Patients who received WAYNUA achieved similar improvements in MNIS+7 and Norfolk QoL-DN scores (including age, sex, ethnicity, region, Val30MET variant status, and disease stage) compared to the external placebo group.
In the trial, WAINUA demonstrated a good safety profile and tolerability.
The results of the analysis up to 85 weeks, published in the Journal of the American Medical Association in September 2023, further demonstrated the benefit of WAYNUA for all HATTR-PNs at 35, 66, and 85 weeks.
Currently, Eplontersen is being evaluated in the Cardio-Ttransform Phase 3 trial in patients with transthyretin-mediated amyloid cardiomyopathy (ATTR-CM), a systemic progressive condition that typically leads to heart failure and often death within three to five years. The study has enrolled 1,400 patients and results are expected in 2025.
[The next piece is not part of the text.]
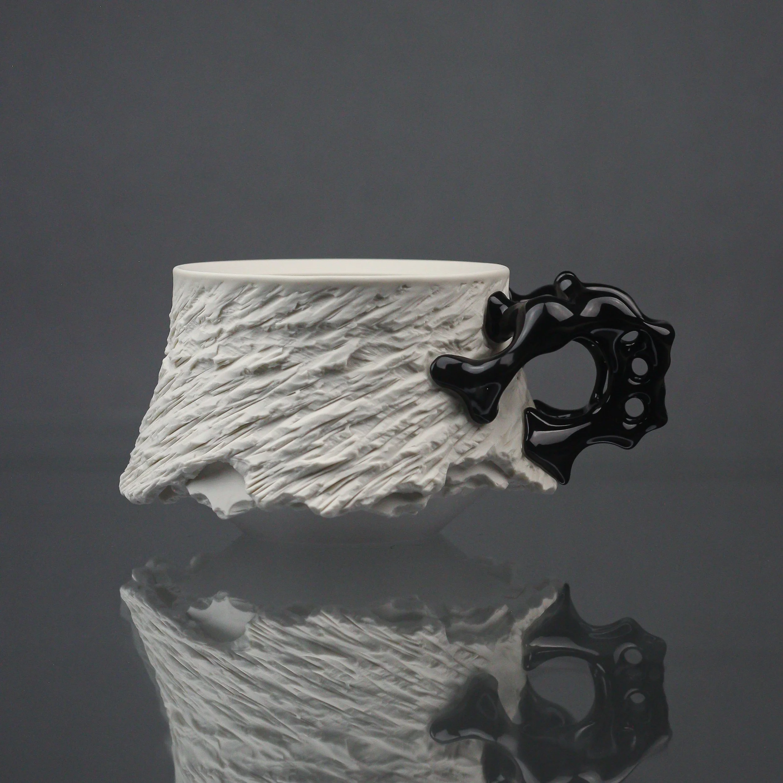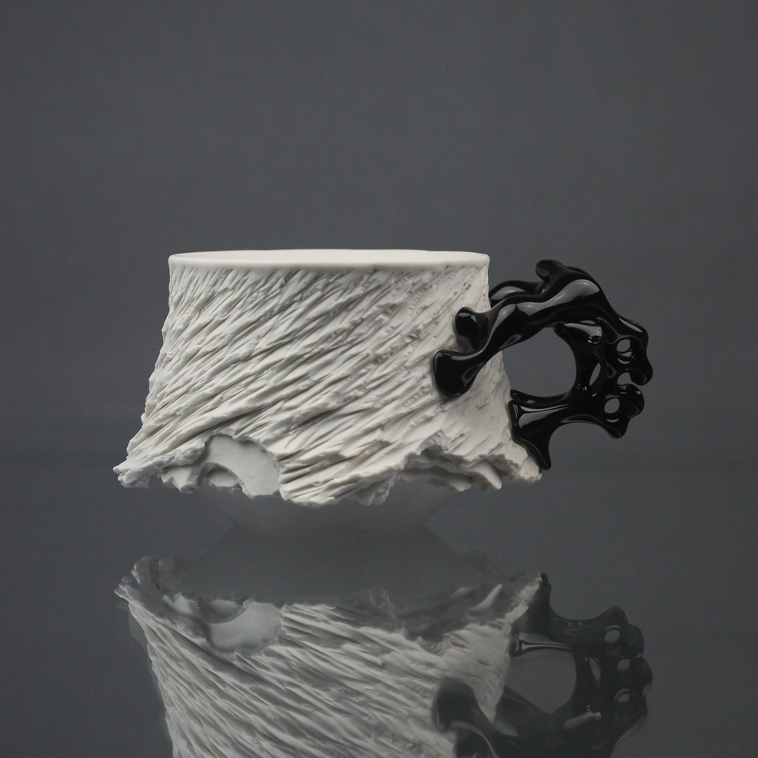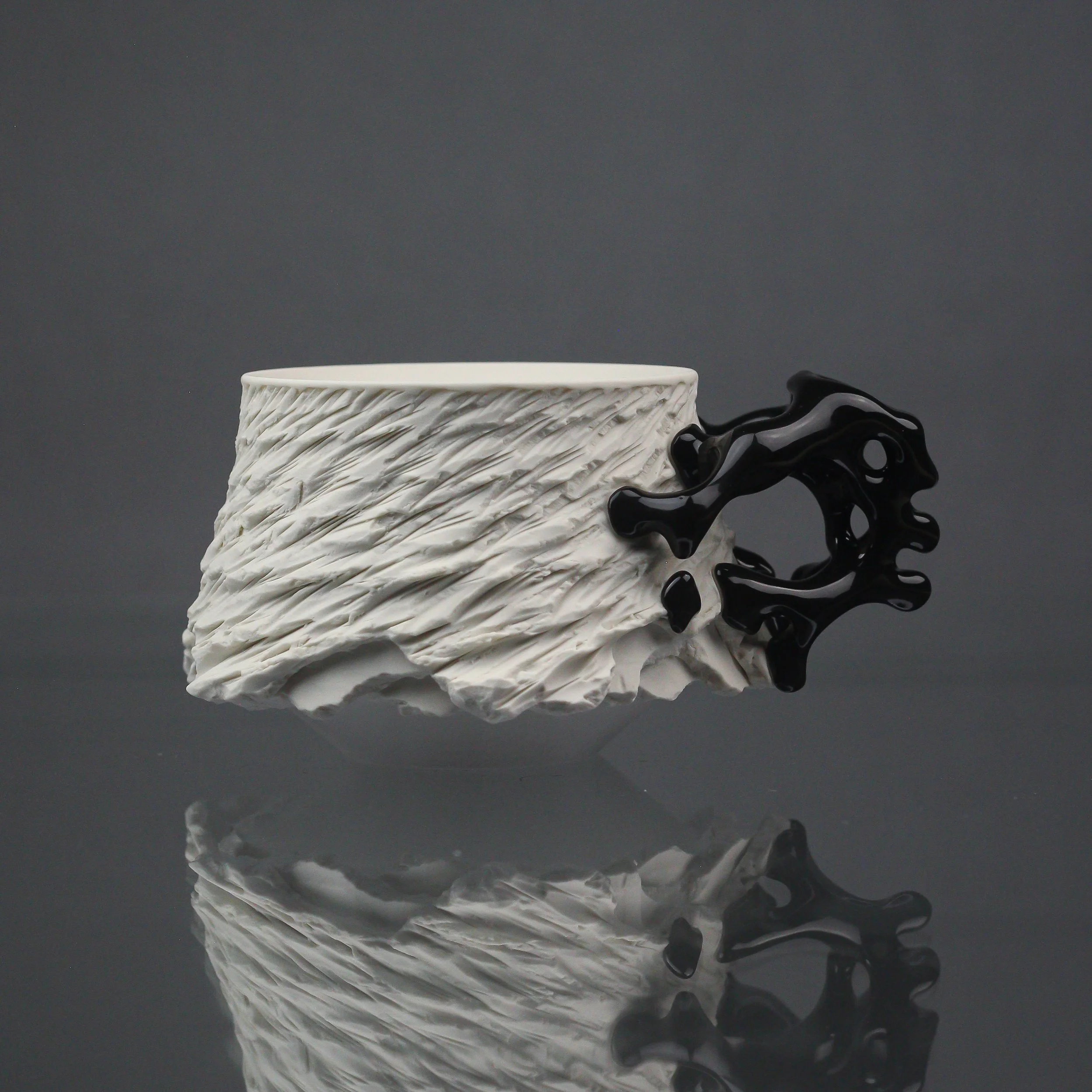 The handle is its opposite—smooth, glossy, and deep black. Carved by hand from a single block of porcelain, it takes shape around my hand, feeling almost like liquid against the raw exterior.

Reference: Wainua (Eplontersen) granted first-ever regulatory approval in the US for the treatment of adults with polyneuropathy of hereditary transthyretin-mediated amyloidosis', press release. astrazenecaï¼›Released on December 21, 2023.
Note: The purpose of this article is to introduce medical and health research, and does not make any basis for medication.